| PROVIDED DATA |
▬▬▬▬▬▬▬▬▬▬
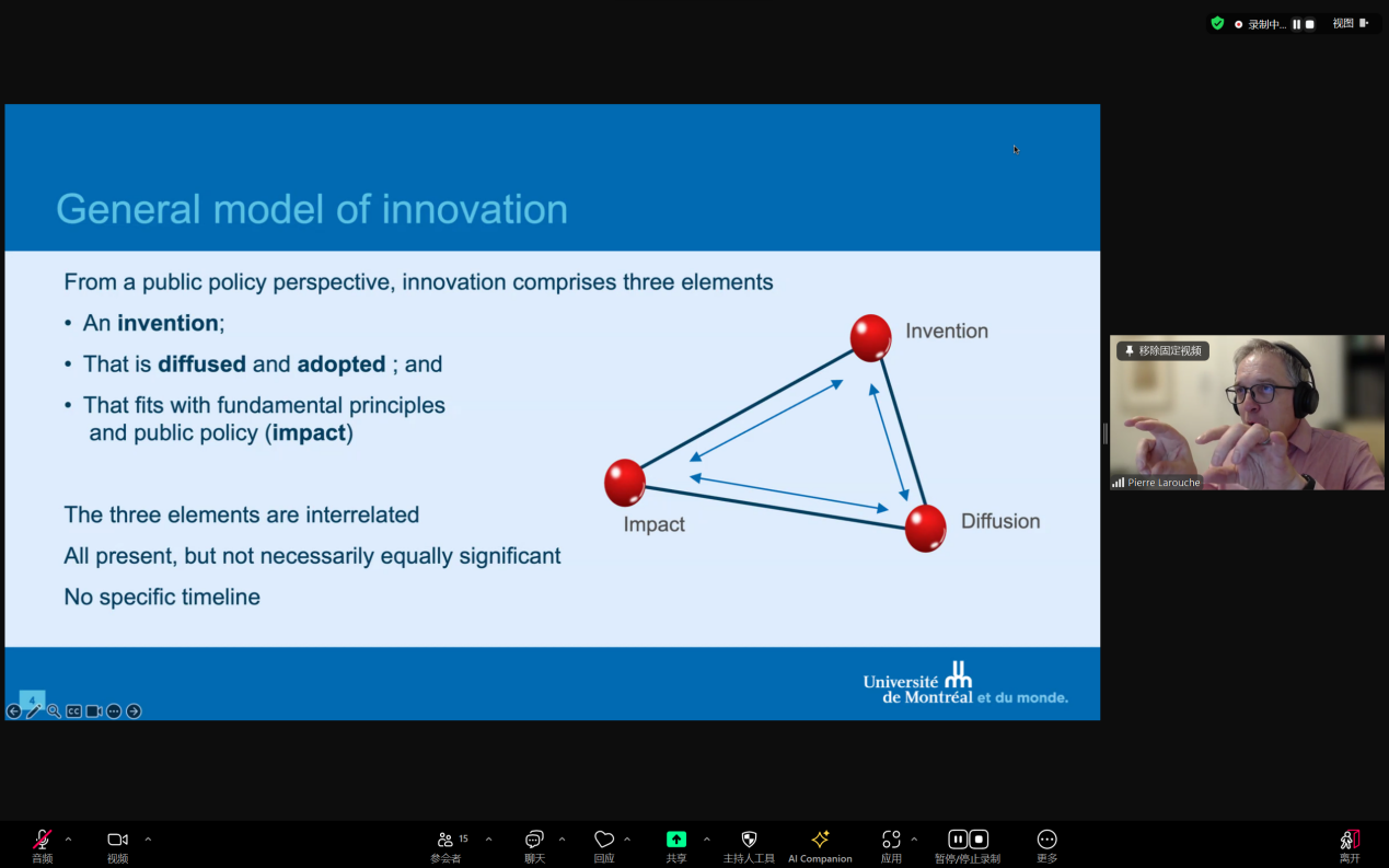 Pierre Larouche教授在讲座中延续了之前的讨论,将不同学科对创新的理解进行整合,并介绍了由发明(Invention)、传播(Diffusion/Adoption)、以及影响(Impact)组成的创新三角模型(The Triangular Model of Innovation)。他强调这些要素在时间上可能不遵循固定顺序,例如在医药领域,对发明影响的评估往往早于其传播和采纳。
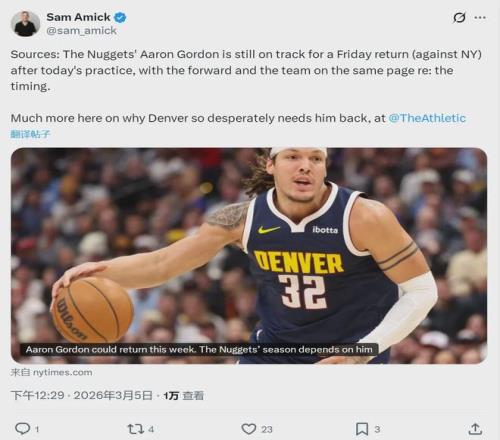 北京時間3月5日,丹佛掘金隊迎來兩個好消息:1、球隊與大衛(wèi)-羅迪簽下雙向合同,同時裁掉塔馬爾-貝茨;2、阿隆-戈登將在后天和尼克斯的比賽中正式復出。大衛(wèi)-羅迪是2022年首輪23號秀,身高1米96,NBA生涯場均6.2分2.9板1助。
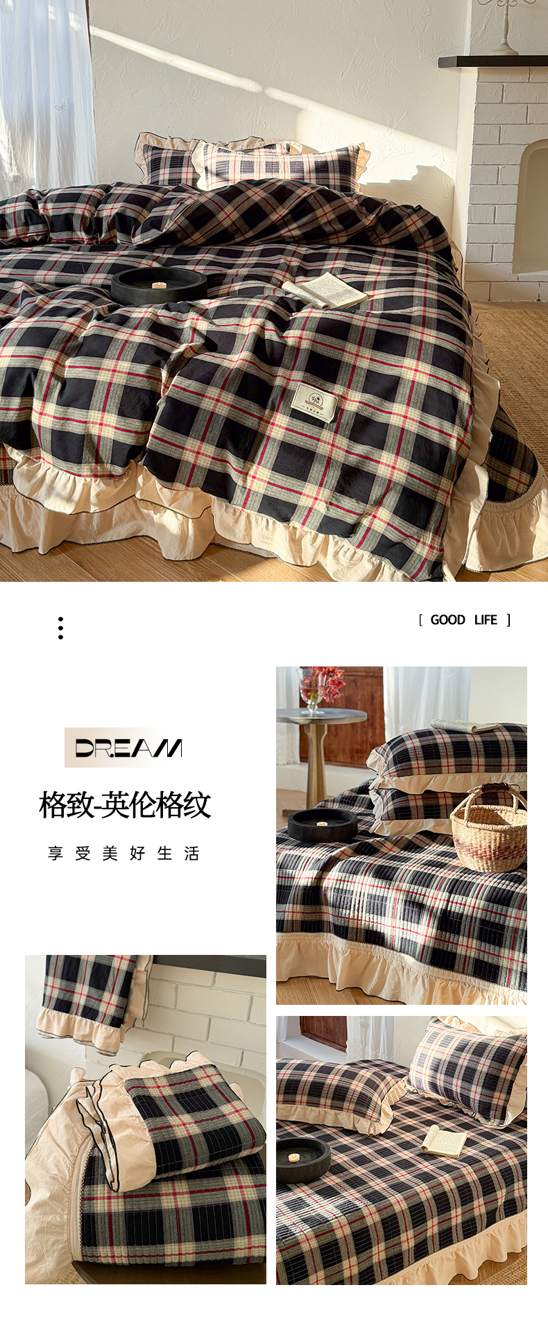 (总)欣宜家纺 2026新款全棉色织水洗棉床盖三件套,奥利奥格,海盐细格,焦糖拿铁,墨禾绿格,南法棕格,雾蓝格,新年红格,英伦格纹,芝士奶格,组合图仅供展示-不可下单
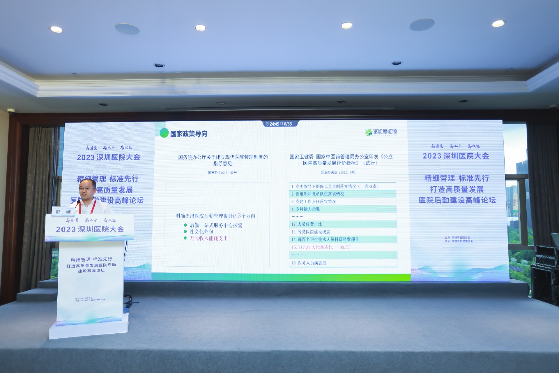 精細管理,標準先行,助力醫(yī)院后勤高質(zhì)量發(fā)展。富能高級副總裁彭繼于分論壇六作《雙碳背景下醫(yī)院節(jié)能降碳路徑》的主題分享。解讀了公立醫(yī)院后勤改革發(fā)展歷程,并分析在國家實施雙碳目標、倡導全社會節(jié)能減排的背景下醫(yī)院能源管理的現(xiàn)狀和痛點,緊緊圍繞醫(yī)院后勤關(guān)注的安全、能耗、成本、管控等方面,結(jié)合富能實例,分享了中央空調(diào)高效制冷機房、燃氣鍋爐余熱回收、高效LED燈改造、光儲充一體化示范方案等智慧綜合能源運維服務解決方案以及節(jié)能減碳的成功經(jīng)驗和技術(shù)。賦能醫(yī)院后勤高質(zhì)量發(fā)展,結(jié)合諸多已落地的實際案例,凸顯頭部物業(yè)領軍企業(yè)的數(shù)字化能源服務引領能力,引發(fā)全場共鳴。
▬▬▬▬▬▬▬▬▬▬
| DIRECTIONS |
Range to copy from the listing above: the line containing "北京時間3月5日,丹佛掘金隊" down to the line containing "(总)欣宜家纺 2026新款", both included. Reproduce it exactly, minus the pictures, and add nothing.

| EXERCISE RESULT |
 北京時間3月5日,丹佛掘金隊迎來兩個好消息:1、球隊與大衛(wèi)-羅迪簽下雙向合同,同時裁掉塔馬爾-貝茨;2、阿隆-戈登將在后天和尼克斯的比賽中正式復出。大衛(wèi)-羅迪是2022年首輪23號秀,身高1米96,NBA生涯場均6.2分2.9板1助。
 (总)欣宜家纺 2026新款全棉色织水洗棉床盖三件套,奥利奥格,海盐细格,焦糖拿铁,墨禾绿格,南法棕格,雾蓝格,新年红格,英伦格纹,芝士奶格,组合图仅供展示-不可下单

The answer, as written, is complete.